## SOURCE RECORDS
========
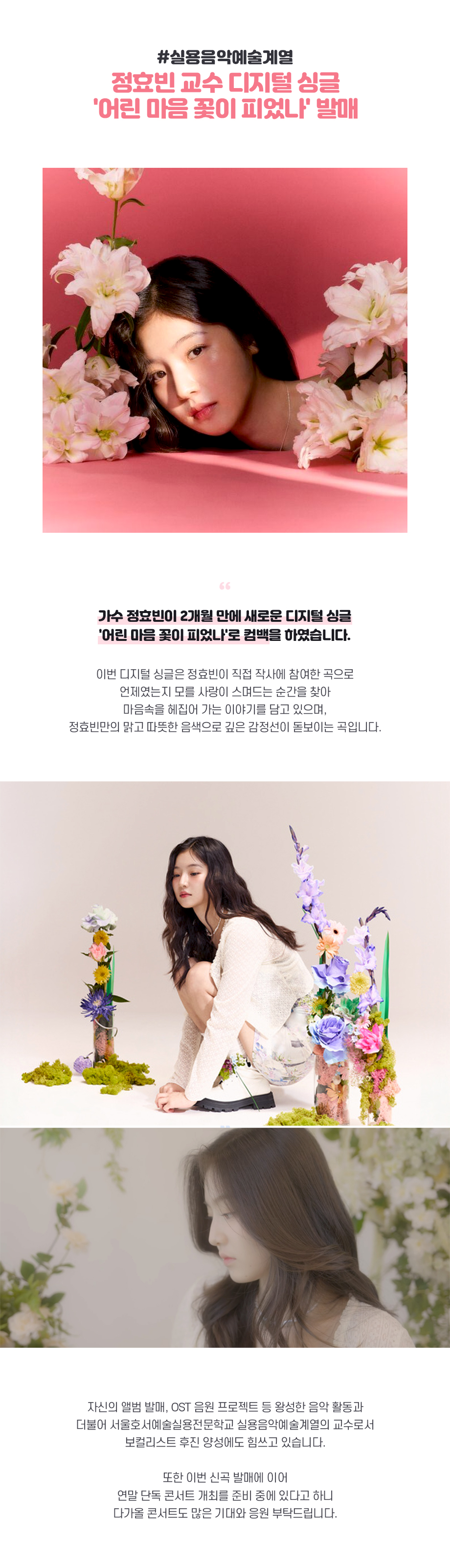 실용음악예술계열 정효빈 교수 디지털 싱글 '어린 마음 꽃이 피었나' 발매
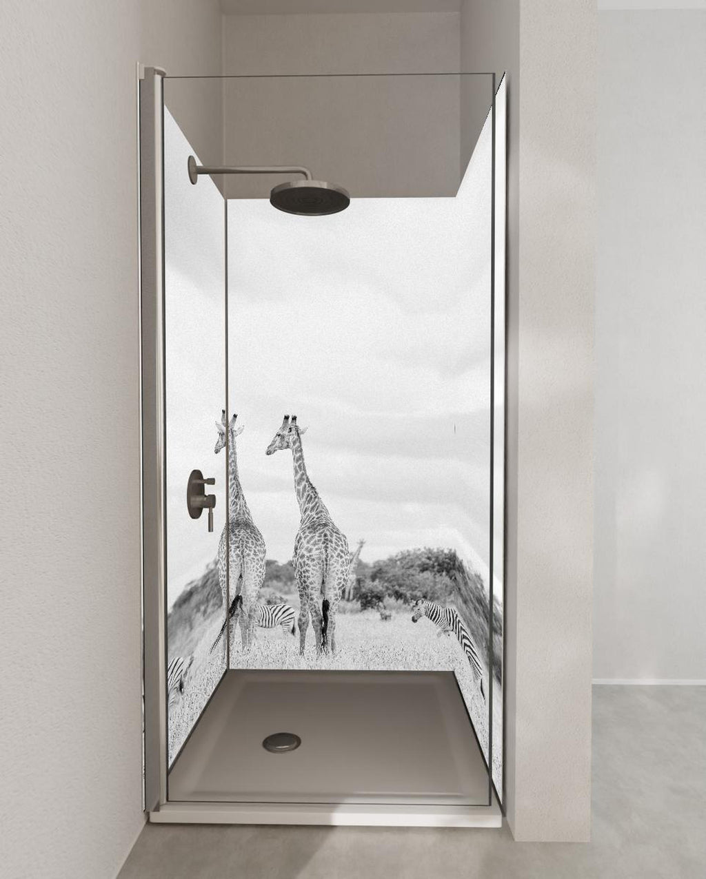 Duschrückwand - Giraffen und Zebras - schwarz-weiß
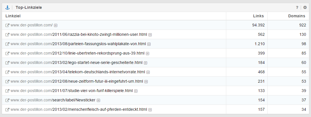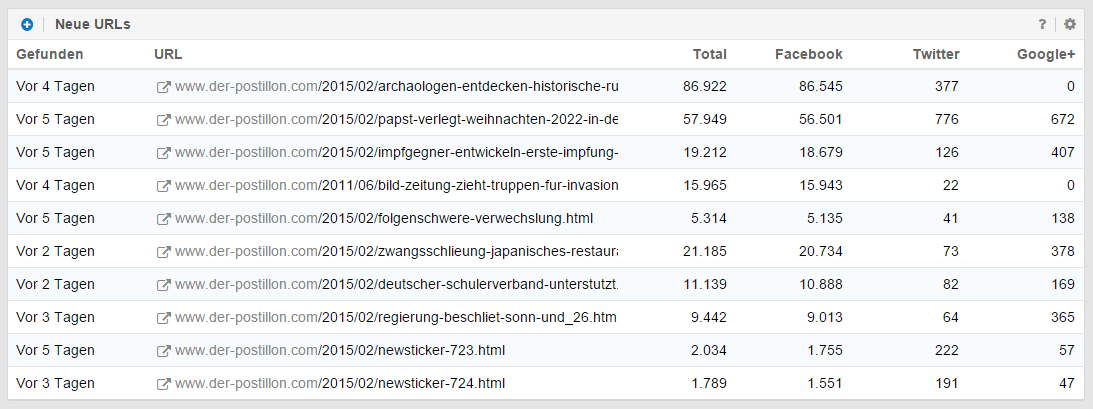 Noch eindrucksvoller als die Top-Linkziele sind die sozialen Signale der Domain. Hier ein kleiner Auszug aus den neuen URLs der vergangenen Tage:
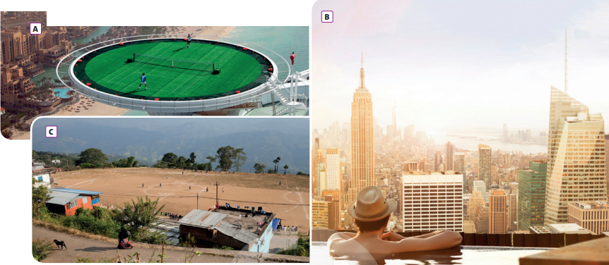(3 bức tranh đều nói về các hoạt động hoặc thể thao ở những địa điểm đẹp khác nhau. theo ý kiến của tôi, bức ảnh thứ hai là ngoạn mục nhất bởi vì tôi có thể nhìn thấy người đàn ông đang tận hưởng việc thư giãn trong bể bơi và ngắm nhìn một thành phố xinh đẹp từ đó.)
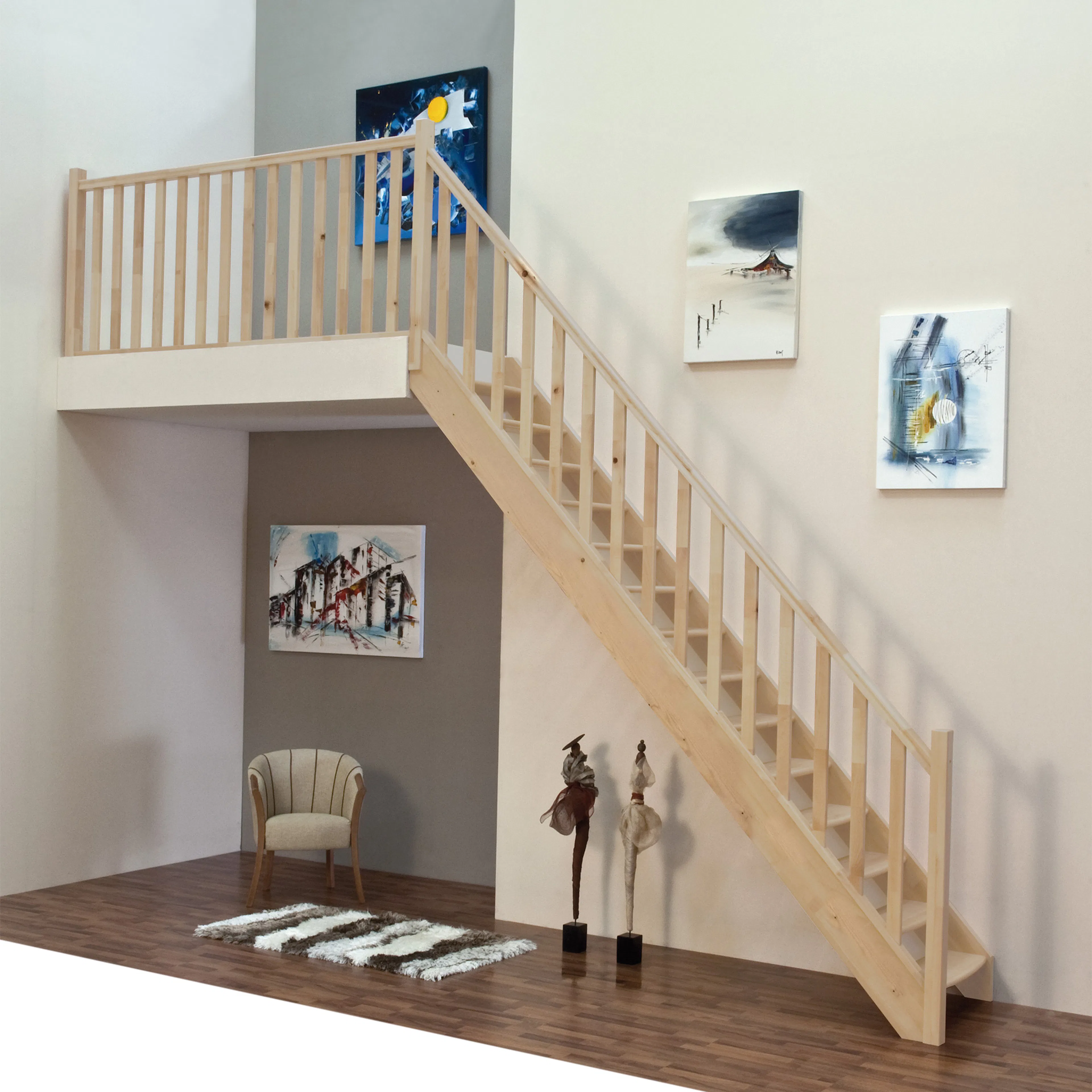 Enkel lofttrappa/våningstrappa i massiv obehandlad bok eller gran. Enkel och snabb montering utan specialverktyg. Minsta hålmått 850 x 2200 mm. Max takhöjd 3000 mm.
========
## WORK ORDER
From the first line to the last, copy the records above exactly and drop any pictures.

## RESPONSE AREA
 실용음악예술계열 정효빈 교수 디지털 싱글 '어린 마음 꽃이 피었나' 발매
 Duschrückwand - Giraffen und Zebras - schwarz-weiß
 Noch eindrucksvoller als die Top-Linkziele sind die sozialen Signale der Domain. Hier ein kleiner Auszug aus den neuen URLs der vergangenen Tage:
(3 bức tranh đều nói về các hoạt động hoặc thể thao ở những địa điểm đẹp khác nhau. theo ý kiến của tôi, bức ảnh thứ hai là ngoạn mục nhất bởi vì tôi có thể nhìn thấy người đàn ông đang tận hưởng việc thư giãn trong bể bơi và ngắm nhìn một thành phố xinh đẹp từ đó.)
 Enkel lofttrappa/våningstrappa i massiv obehandlad bok eller gran. Enkel och snabb montering utan specialverktyg. Minsta hålmått 850 x 2200 mm. Max takhöjd 3000 mm.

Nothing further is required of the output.